This, however, contrasted previous studies in plants, where TE methylation and nearby host gene expression were negatively correlated (Hollister and Gaut 2009; Eichten et al. 2012; Wang et al. 2013; Diez et al. 2014). In O. sativa, Zhang et al. (2015) found weak but significantly positive correlation between host gene expression and distance to nearest TE, suggesting TEs have negative effect on nearby host gene expression. However, our study was mainly focused on class I LTR-RTs while Zhang et al. (2015) reported results from both class I RTs and class II DNA transposons. Given that higher proportion of class II, DNA transposons are found nearer host genes (Bureau and Wessler 1994; Zhang et al. 2015; Wicker et al. 2016), DNA transposons may have methylation spreading with stronger effects on nearby host gene expression. In addition, host genes with TEs inserted within the gene had the largest reduction in gene expression (Zhang et al. 2015), suggesting TEs inserted within the host gene has the strongest effect on its expression.

On the other hand, Zhang et al. (2015) had measured gene expression from a single genome, comparing expression from genes with and without a TE nearby. Hence, it is equally possible that the positive correlation between host gene expression and distance to nearby TE can be interpreted as an insertion bias of TEs to transpose near host genes with low gene expression. We note, however, our study was mainly based on a single tissue sample (6-week-old mature leaf) and comparing gene expression between two individuals that have or do not have an LTR-RT nearby. Thus, there is an issue of power that has affected our gene expression analysis, and the lack of methylation spreading caused gene expression effect may be due to a sampling bias. Here, a necessary future work would be to examine the population frequency of each TE and infer the strength of selection against each element. This would then be compared with the epigenome of multiple individuals to differentiate whether host selection on the levels of TE mediated epigenetic marks shape the TE frequency, or if there is a transposition bias of TEs favoring specific host epigenetic environment (Lee and Karpen 2017).

In this study, we have shown significant evidence of LTR-RT originating methylation spreading and various factors that determine the amount of spreading. These spreading can be deleterious if it affects the host gene expression and will be selected against (Hollister and Gaut 2009; Lee 2015). In O. sativa, however, there was no significant effect of LTR-RT originating methylation spreading on host gene expression, except for those that are inserted within the intron. This suggested in O. sativa, LTR-RT originating methylation spreading might not have strong deleterious consequences on host gene expression. In fact, a recent study by Lee and Karpen (2017) have found that whether the TE originating spread of epigenetic repressive marks causes an excess of host genes with reduced gene expression, was dependent on the host genetic background. Further, proximity of a TE insertion does not always lead to a reduction in host gene expression (Lisch 2013) while methylation is known to be influenced by environmental conditions (Dowen et al. 2012; Dubin et al. 2015; Secco et al. 2015; Kawakatsu et al. 2016). Thus, if there were any deleterious effect of TE originating methylation spreading in O. sativa, it would be complex depending on both genetic and environmental conditions. As plants are immovable from their surrounding environment, environmental factors may play an important role in the TE-host dynamic of a plant (Naito et al. 2009; Galindo-González et al. 2017). Thus, examining the environmental effects would be crucial for future plant studies of host epigenetic impact on TE evolution.

Materials and Methods

Analyzed Data Set

Reference genomes for O. sativa ssp. japonica and O. sativa ssp. indica were downloaded from Ensembl Plants release 30 (http://plants.ensembl.org/; last accessed November 4, 2017). The japonica genome was sequenced from the nipponbare cultivar (International Rice Genome Sequencing Project 2005) and the indica genome was sequenced from the 93-11 cultivar (Yu et al. 2002).

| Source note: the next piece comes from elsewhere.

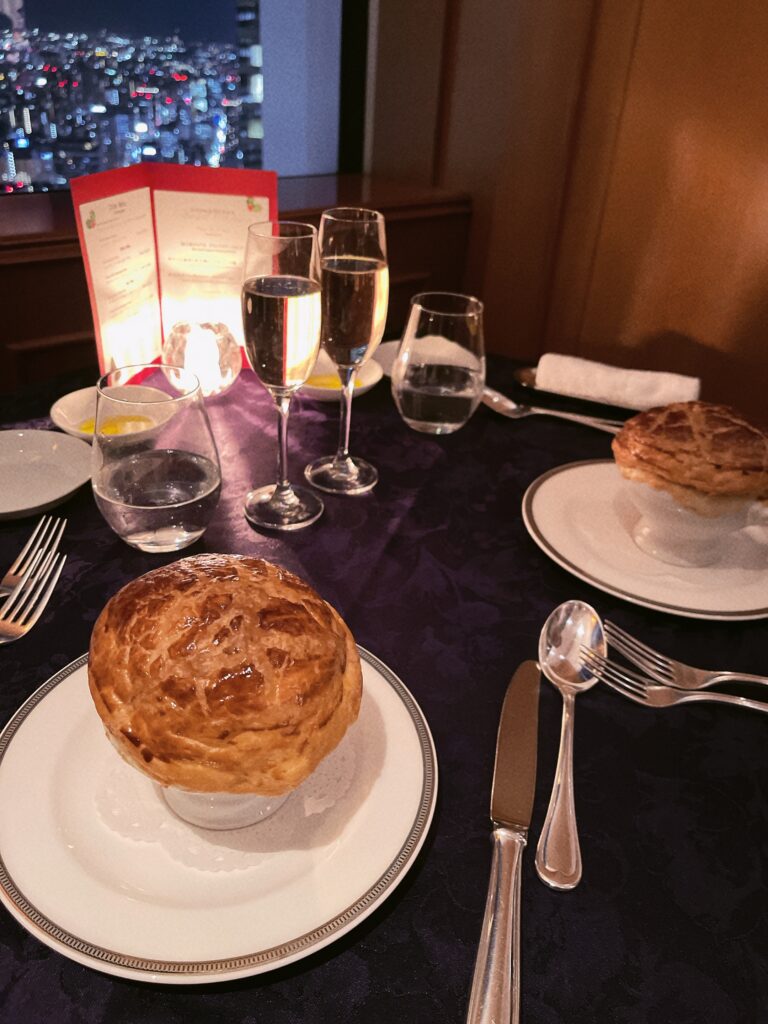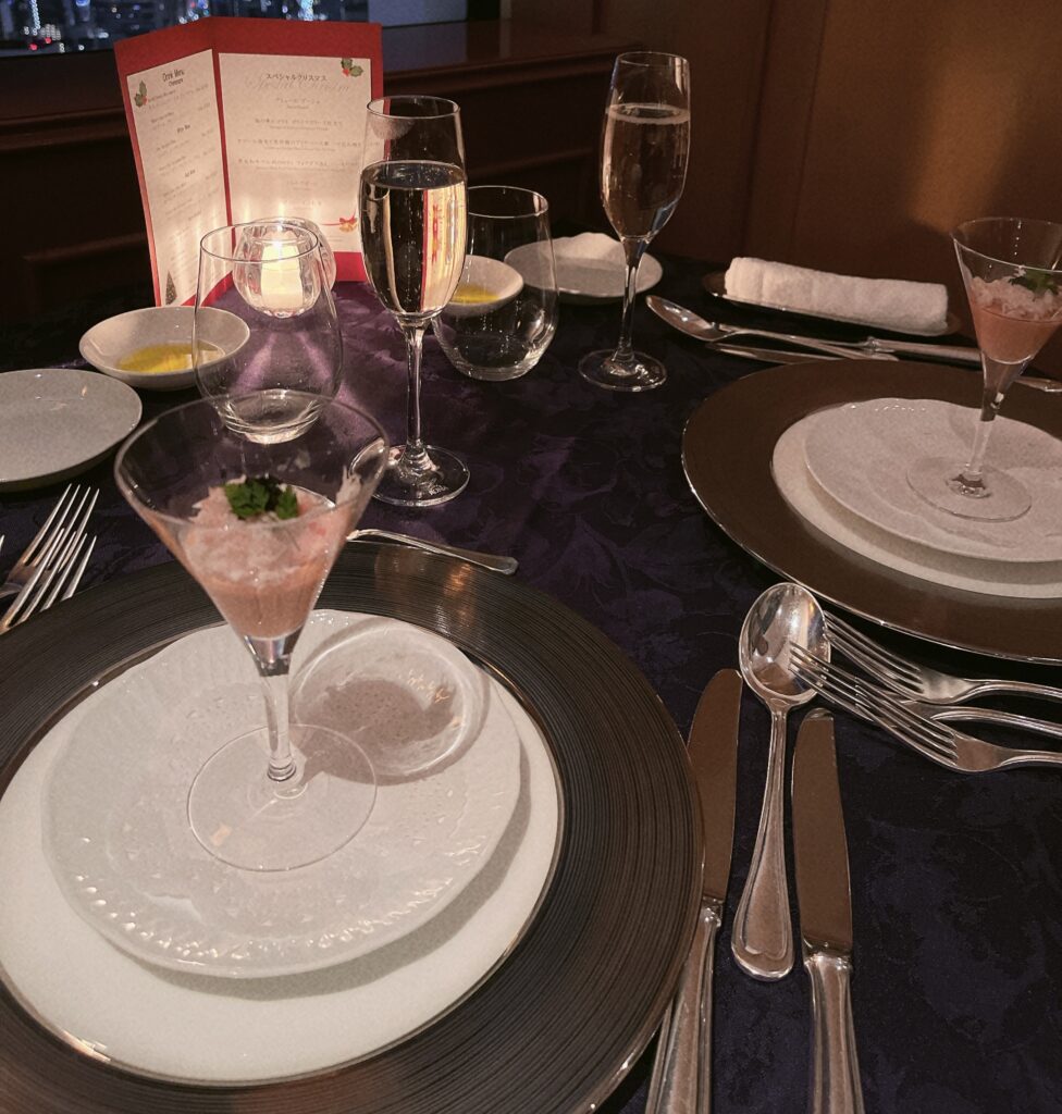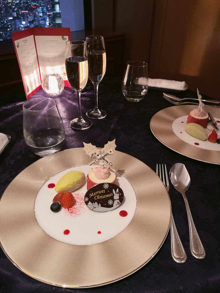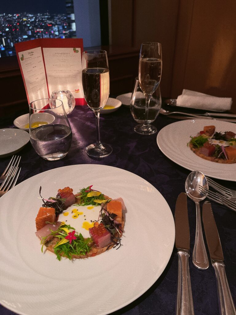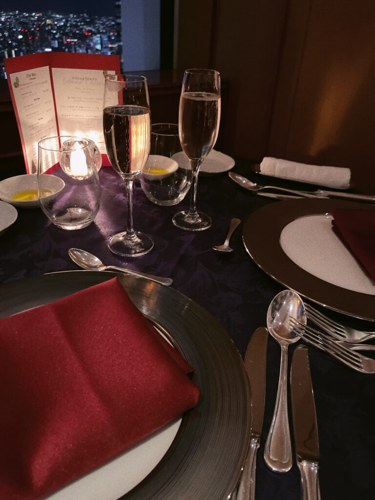 夜は最上階の52階にあるスカイラウンジ「ジーニス」でクリスマスディナーを楽しみました!

Methylomic and transcriptomic data for the two O. sativa subpopulation were obtained from Chodavarapu et al. (2012). The data were generated from stage matched 6-week-old leaf tissues originating from the same cultivars used as the reference genome in this study. Additional functional genomic data from various tissue samples were analyzed only for japonica, as it was the only subpopulation that had matching transcriptomic and methylomic data from the nipponbare genome. Methylation and transcriptome data from five additional tissue and developmental time point (embryo, endosperm, seedling root, seedling shoot, and 2- to 3-month-old leaf) were obtained from Zemach, Kim, et al. (2010) and Zemach, McDaniel, et al. (2010), and additional transcriptome data from 11 additional tissue and developmental time point (anther, calli, early inflorescence, emerging inflorescence, embryo 25 days after pollination, endosperm 25 days after pollination, 20-day leaf, pistil, seed 5 day after pollination, seed 10 day after pollination, and seedling 2 week) were obtained from Davidson et al. (2012).

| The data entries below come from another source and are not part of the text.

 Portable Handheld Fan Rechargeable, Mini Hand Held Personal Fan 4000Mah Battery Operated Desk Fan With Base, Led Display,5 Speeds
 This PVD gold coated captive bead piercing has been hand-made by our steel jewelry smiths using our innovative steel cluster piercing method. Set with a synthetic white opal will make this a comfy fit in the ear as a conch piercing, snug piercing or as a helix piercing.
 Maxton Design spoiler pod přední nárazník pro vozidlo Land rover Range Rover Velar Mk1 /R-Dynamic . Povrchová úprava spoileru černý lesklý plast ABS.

LTR-RT De Novo Annotation and Analysis

For the japonica and indica genomes LTR-RTs were annotated using the program LTRharvest (Ellinghaus et al. 2008). Parameters for LTRharvest were adapted from Copetti et al. (2015) which annotated repetitive DNA content across 11 unpublished high-quality Oryza genomes (Jacquemin et al. 2013). LTR-RT sequence features and protein domains were annotated with LTRdigest (Steinbiss et al. 2009). Using the protein models from PFAM (Finn et al. 2014), we annotated the integrase domain (rve, PF00665.24), RNase H domain (PF00075.22), reverse transcriptase domain (RVT1, PF00078.25), and the retrotransposon gag protein domain (gag, PF03732.15) for each candidate LTR-RT sequences.

We then searched for LTR-RTs that overlapped with O. sativa gene coordinates. These were likely to be false positive LTR-RT annotations that were called from pairs of solo LTRs left over from recombination-mediated excision of LTR-RTs (Bennetzen et al. 2005). LTR-RTs that overlapped exons of an O. sativa gene were excluded but any LTR-RTs that were completely within the intron sequence of an O. sativa gene was included for downstream analysis (see supplementary fig. 1, Supplementary Material online, for examples). In order to classify each LTR-RT into superfamily (Wicker et al. 2007), we used the RepeatClassifier program from the RepeatModeler ver. 1.0.8 suite (http://www.repeatmasker.org; last accessed November 4, 2017), and searched against Repbase release 20170127 library (Bao et al. 2015).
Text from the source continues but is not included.